San Giovanni Rotondo, 04/05/2016: In onore del Sessantesimo anniversario della fondazione ospedaliera “Casa Sollievo della Sofferenza”, struttura fortemente voluta dall'acclamatissimo Santo frate, ormai protettore del territorio sangiovannese, Padre Pio da Pietrelcina, l'Auditorium “Mary Pyle” (Foyer Chiesa di S.Pio), è stato lieto di ospitare un graditissimo e festoso concerto lirico-sinfonico di alto livello, capitanato dall'orchestra foggiana del Conservatorio, “Musica Civica”, condotta mirabilmente dal M°Gianna Fratta, incantevole direttrice dalla delicata bacchetta aurea, capace di stregare, mediante un'eccellente metrica eufonica, e un elegante mix di charme ed estetica, strumentisti e spettatori.

I protagonisti della serata: A tenere altissimo l'interesse acustico in sala sono stati i solisti protagonisti, che meritano una menzione particolare. Il primo violino solista ad esordire è stato quello del M°Dino De Palma. L'esecuzione dell'anima giovanile beethoveniana, è stata pressoché impeccabile, ed ha evidenziato la grazia mite e ben temperata, appena tormentata nella parte centrale, l'agilità melodica, e la leggiadria stessa della composizione, la “Romanza n.2 in Fa maggiore, op. 50.
Il tenore Frate Alessandro Brustenghi, personalità fresca, tenera e genuina, sincero ed attento esecutore dai toni leggeri, neo-melodici e vagamente popolari, è stato il primo cantante ad esordire. Il pubblico si è lasciato coinvolgere dolcemente, al primo sguardo, dal quell'aurea di fede e religiosità sacra emanata dalla sua figura, che, seppur docile e minuta, è risultata animata al contempo da grande coraggio esecutivo.
La scelta dei suoi brani si è distinta per il grande senso di umiltà, benedizione, evangelizzazione e gioia di adempiere alla sacra missione, con cui Frate Alessandro ha a che fare quotidianamente. (In ordine: la celeberrima “Ave Maria” di P.Mascagni, dalla “Cavalleria Rusticana; il ricordo del barocco, rappresentato da “Aria da Chiesa” di A. Stradella; la melodia gregoriana del XIII sec., riadattata in maniera impeccabile dall'orchestra, “Madonna de claritate”; la citazione a San Tommaso d'Aquino, “Panis Angelicus”, elaborazione musicata da C.Franck, in duetto con il baritono co-protagonista, Matteo D'Apolito; il popolarissimo brano di E.De Curtis “Non ti scordar di me”; e per finire, dall'”Elisir D'Amore” di G.Donizetti, “Ardir! Ha forse il cielo!”, in un secondo duetto con il M°D'Apolito.
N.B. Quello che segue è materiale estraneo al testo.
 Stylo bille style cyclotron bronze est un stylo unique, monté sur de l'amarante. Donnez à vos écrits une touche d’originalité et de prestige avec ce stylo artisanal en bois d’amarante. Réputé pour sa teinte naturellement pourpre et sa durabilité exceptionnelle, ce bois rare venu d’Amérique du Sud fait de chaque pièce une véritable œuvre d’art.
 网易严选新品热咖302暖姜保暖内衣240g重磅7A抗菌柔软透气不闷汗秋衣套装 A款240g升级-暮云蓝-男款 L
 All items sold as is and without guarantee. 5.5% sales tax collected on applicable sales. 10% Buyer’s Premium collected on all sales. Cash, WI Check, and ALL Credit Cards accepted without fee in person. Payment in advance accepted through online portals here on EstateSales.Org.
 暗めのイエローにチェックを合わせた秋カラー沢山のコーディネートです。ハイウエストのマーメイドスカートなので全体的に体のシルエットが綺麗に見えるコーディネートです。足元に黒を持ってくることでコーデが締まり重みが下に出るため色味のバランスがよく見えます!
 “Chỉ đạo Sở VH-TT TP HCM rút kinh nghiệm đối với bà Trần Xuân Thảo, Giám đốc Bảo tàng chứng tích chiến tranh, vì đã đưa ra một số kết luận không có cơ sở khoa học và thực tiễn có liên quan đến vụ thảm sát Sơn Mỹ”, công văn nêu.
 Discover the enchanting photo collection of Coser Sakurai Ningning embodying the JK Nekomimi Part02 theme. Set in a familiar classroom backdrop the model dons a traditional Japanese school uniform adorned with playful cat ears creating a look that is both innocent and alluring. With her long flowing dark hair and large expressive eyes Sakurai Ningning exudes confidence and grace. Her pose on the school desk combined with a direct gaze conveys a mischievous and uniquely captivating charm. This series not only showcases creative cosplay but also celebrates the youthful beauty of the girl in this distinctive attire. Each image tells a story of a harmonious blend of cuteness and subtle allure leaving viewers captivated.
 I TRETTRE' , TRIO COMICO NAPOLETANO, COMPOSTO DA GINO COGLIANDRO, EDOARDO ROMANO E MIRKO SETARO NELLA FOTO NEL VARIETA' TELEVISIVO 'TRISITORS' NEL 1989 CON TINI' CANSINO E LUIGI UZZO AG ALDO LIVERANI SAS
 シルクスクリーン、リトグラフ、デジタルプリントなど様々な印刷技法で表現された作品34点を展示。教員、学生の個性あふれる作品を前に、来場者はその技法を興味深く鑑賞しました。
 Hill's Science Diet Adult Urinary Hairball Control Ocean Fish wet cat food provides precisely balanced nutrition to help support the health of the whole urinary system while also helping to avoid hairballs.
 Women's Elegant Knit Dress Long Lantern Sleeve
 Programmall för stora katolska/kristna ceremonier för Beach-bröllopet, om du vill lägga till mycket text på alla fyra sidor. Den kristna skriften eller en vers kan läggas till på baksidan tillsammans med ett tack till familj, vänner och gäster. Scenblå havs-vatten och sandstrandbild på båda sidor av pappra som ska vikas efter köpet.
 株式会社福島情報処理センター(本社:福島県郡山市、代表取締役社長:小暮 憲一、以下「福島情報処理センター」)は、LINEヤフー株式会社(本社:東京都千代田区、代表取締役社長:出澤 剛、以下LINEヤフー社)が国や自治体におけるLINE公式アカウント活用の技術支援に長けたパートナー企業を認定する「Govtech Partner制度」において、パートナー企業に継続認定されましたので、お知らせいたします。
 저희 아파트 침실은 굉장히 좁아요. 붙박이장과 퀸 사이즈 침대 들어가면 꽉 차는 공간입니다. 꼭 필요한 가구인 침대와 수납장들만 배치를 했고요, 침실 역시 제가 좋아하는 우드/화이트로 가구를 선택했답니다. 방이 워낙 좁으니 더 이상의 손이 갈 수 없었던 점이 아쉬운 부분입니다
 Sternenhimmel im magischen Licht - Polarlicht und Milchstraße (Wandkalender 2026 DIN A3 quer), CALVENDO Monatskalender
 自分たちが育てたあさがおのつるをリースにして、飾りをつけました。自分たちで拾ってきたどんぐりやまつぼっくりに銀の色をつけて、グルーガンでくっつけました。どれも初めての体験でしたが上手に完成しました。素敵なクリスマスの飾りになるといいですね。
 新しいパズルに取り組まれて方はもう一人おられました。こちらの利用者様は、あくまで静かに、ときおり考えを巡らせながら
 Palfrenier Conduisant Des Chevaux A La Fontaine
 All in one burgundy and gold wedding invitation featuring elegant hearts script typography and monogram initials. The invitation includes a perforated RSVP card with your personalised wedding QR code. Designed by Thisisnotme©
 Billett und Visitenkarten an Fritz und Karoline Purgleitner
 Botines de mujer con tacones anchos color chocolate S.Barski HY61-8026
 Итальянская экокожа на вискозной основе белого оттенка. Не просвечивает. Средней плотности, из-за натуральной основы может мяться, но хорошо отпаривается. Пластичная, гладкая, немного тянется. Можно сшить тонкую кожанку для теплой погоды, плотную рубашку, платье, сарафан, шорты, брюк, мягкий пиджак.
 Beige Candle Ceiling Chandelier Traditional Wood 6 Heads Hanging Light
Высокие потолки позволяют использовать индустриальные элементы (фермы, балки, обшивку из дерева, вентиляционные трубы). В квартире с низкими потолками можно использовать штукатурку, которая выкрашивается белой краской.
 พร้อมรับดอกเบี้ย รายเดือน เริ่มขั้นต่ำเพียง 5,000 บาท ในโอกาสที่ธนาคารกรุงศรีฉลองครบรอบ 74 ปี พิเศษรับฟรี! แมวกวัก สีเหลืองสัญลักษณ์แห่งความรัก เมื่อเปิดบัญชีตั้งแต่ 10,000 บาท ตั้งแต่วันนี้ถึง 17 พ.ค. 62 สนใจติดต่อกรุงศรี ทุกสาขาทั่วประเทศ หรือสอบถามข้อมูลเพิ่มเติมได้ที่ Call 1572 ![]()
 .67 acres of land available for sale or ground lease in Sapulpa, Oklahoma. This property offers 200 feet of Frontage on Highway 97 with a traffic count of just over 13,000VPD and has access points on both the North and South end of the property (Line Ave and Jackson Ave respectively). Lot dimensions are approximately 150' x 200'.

Il baritono Matteo D'Apolito, giovane, verace e poliedrico talento sangiovannese, già consacrato liricamente ai migliori palcoscenici italiani (Milano, Lucca, Livorno, Piacenza, Pesaro, Chieti...) e internazionali (Corea del Sud, Benelux, Bulgaria, Muscat) ha fornito un exhibit musicale di grandissimo spessore interpretativo, musicale e scenografico. Dotato di una certa flessibilità vocale, e di una indiscussa presenza scenica, ha dato prova di uno spelling rispettabile, passando senza difficoltà alcuna da note gravi ad acute, da gorgheggi a fraseggi musicali complessi, dalle lingue anglofone ai testi in italiano arcaico dei librettisti d'opera, senza mai indugiare.
Ottima oltretutto la proiezione e l'intensità timbrica dei colori della sua profonda voce. Il repertorio scelto per la serata si è caratterizzato per eleganza, sofisticatezza e varietà: cominciando con la sacralità del “Confutatis”, tratto dal “Requiem” verdiano, e con l'austera aria handeliana, tratta dai capitoli biblici delle lettere ai Corinzi, “The trumpet shall sounds”, ha proseguito in seguito sulla falsariga del repertorio buffo, eseguendo in maniera impeccabile due arie di G.Donizetti, tratte dall'”Elisir d'Amore” (“Udite, o rustici”; “Ardir! Ha forse il cielo!”), trasformandosi per giunta anche in un giocoso e convincente interprete teatrale.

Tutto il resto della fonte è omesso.